Australian forces were more heavily engaged in 1945 than in any other year of the Second World War – though these campaigns were not without controversy.
During 1944 in the South-West Pacific Area (SWPA), General Douglas MacArthur’s “island hopping” campaign took Americans into Dutch New Guinea and from there to the Philippines. From April 1945 bombing was performed by carrier-borne aircraft. Planning was well underway for an American-led invasion of the Japanese home islands when the war came to a devastating end in August 1945. Until that point, the war in the Pacific had been expected to continue at least until 1946.

Artwork by Geoffrey Mainwaring, Tanks and infantry, Aitape, New Guinea, 1945.
During the later phases of the Pacific War, however, Australia was left far behind. The Australian army was excluded from operations in the Philippines and beyond. Instead, Australians fought to “mop up” Japanese troops in Australia’s Mandated Territories of New Guinea and Bougainville, and on Borneo. It was also a period of frustration. Australian forces were described as being “whittled away on a more or less ‘face-saving’ task” in the islands. Such sentiments were widely echoed in the press, debated in Parliament, and discussed by the soldiers themselves. Brigadier Heathcote “Tack” Hammer, an infantry commander on Bougainville, later commented:
Every man knew, as well as I knew, that the Operations were mopping-up and that they were not vital to the winning of the war. So they ignored the Australian papers, their relatives’ letters of caution, and got on with the job in hand, fighting & dying as if it was the battle for final victory.
Brigadier Heathcote “Tack” Hammer
Australian troops in Papua and New Guinea had borne the brunt of the fighting in 1942 and 1943, but those long years of jungle warfare were exhausting. As American forces began taking a more prominent role, in December 1943 the Commander-in-Chief of the Australian Military Forces (AMF) General Sir Thomas Blamey directed Australian troops be “withdrawn from an active operational role in New Guinea”. All but two of the six divisions in New Guinea returned home for training and rehabilitation on the Atherton Tablelands in south-east Queensland. MacArthur afterwards stated that it was the Australian success in Papua “that turned the tide of battle and on which all future success [had] hinged” and that Australia’s “brilliant” campaign helped “speed the Japanese defeat in New Guinea”.

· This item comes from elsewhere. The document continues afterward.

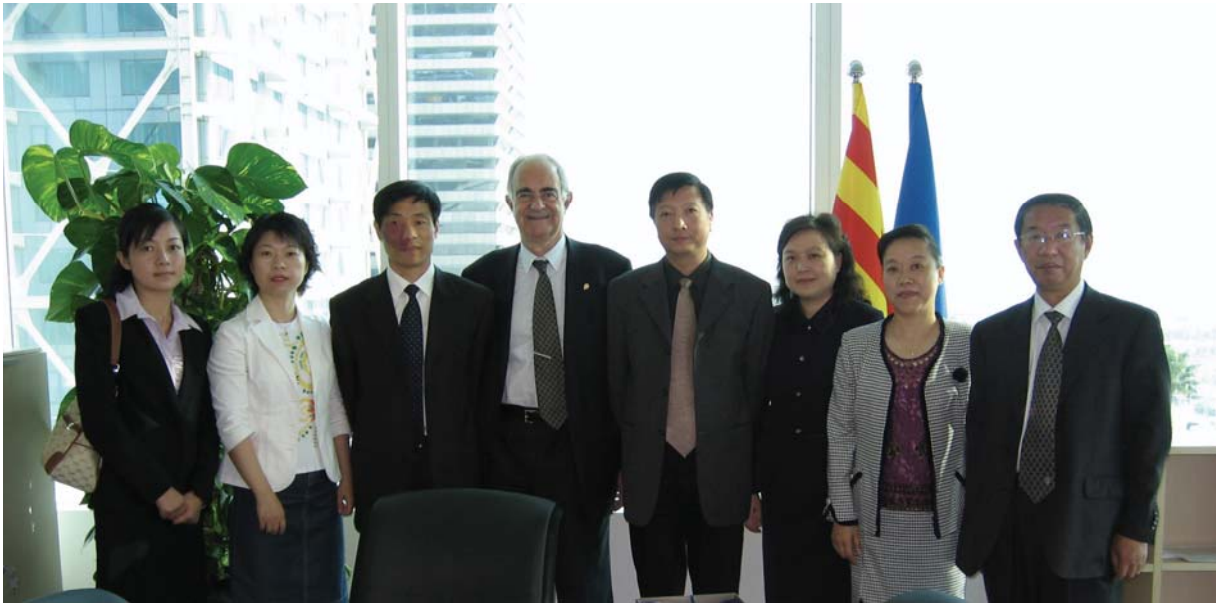
Visita d'una delegació de l'Oficina de Fiscalització del Municipi de Xangai a la Sindicatura.

Blamey had been anticipating this move. “I think it obvious,” he wrote, “that the operational role of the Australian Forces in New Guinea itself has practically terminated, and therefore any excessive number retained there will be wasted.” There was never any doubt that the Australian army would return to the field. It was only a matter of where, when, and in what strength.

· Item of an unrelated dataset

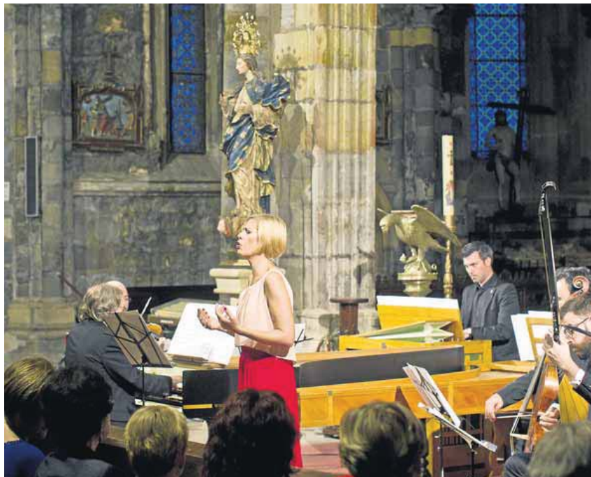
Concierto de música barroca dentro del ciclo 'Marcos Históricos' del FIS celebrado en Castro Urdiales. J. COTERA

▶ Pérdidas. En el sector privado más del 50% espera perder más de la mitad o la totalidad de sus ingresos anuales.

General Douglas MacArthur and Prime Minister John Curtin meet before a conference in Sydney, 7 June 1943. Photographer unknown. AWM139812
MacArthur’s next objective was the liberation of the Philippines; New Guinea was just an obstacle. Rather than assaulting the enemy’s strength directly, MacArthur adopted the strategy of “island hopping”, making amphibious landings on suitable islands and areas that could be developed into bases to isolate and block the Japanese, leaving them to “wither on the vine”. This allowed for speedy advance, but it left large numbers of Japanese troops still occupying territory.
On 12 July 1944 MacArthur sent Blamey a memorandum asking Australian forces to take over “responsibility for the continued neutralization of the Japanese in Australian and British territory and Mandates in the Southwest Pacific Area”.
MacArthur also mentioned the desire to employ Australian ground forces in the advance to the Philippines. Blamey decided to use seven Australian Militia brigades to take over the American garrisons in the islands. This left Australia’s preferred sword arm – the 1 Australian Corps, consisting of the veteran 6th, 7th and 9th Divisions (all volunteer members of the AIF) – available for future operations.
Minimal forces
MacArthur, however, disagreed. After serious discussions, on 2 August 1944 MacArthur issued another directive, stating that the minimal forces to be employed were four brigades on Bougainville; one brigade to cover Emirau, Green, Treasury and New Georgia Islands; three brigades on New Britain; and four brigades on the New Guinea mainland. Australian forces were to take over the outer islands and New Guinea by October, and Bougainville and New Britain by November. The Japanese were thought to number 24,000 around Wewak in New Guinea; 13,400 on Bougainville; and 38,000 on New Britain. (Japanese strength in these locations was actually far greater, with between 35,000 and 40,000 in New Guinea and about the same on Bougainville, making a total of nearly 70,000 Japanese army and navy personnel plus another 20,000 civilian workers in total in these locations. There were another 12,000 Japanese on nearby New Ireland, though these figures were not known until after the war.)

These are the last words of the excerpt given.